Quantitative photoacoustic tomography using forward and adjoint Monte Carlo models of radiance

TL;DR

This paper introduces a Monte Carlo-based framework for quantitative photoacoustic tomography that efficiently computes gradients for reconstructing optical properties, leveraging harmonic angular basis and parallel computing.

Contribution

It presents a novel 2D radiance Monte Carlo model with harmonic basis and a gradient-based optimization scheme for quantitative photoacoustic imaging.

Findings

Validated against analytic solutions in heterogeneous media

Demonstrated efficient gradient computation from harmonic coefficients

Framework suitable for high-performance parallel computing

Abstract

Forward and adjoint Monte Carlo (MC) models of radiance are proposed for use in model-based quantitative photoacoustic tomography.
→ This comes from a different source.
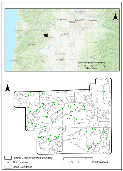 The study was conducted at the Panther Creek watershed, Oregon (Figure 1). The Panther Creek study area is an approximately 2580-hectare forested watershed on the east side of the coastal mountain range of Oregon, USA. It is located 57 km southeast of Portland, Oregon, USA at 45°18′ N, 123°21′ W [3]. The elevation ranges from 100 m to 700 m. Annual precipitation is about 150 cm. The forests are mainly planted or natural stands of Douglas fir, with significant amounts of western hemlock, western red cedar, grand fir, red alder, bigleaf maple, and several other species. Tree heights are up to 60 m [3]. Management intensity throughout the watershed has been variable, with varying planting densities, and both thinned and unthinned regimes. The ecoregion classification is “Cascade mixed forest” [18].

A 2D radiance MC model using a harmonic angular basis is introduced and validated against analytic solutions for the radiance in heterogeneous media. A gradient-based optimisation scheme is then used to recover 2D absorption and scattering coefficients distributions from simulated photoacoustic measurements. It is shown that the functional gradients, which are a challenge to compute efficiently using MC models, can be calculated directly from the coefficients of the harmonic angular basis used in the forward and adjoint models. This work establishes a framework for transport-based quantitative photoacoustic tomography that can fully exploit emerging highly parallel computing architectures.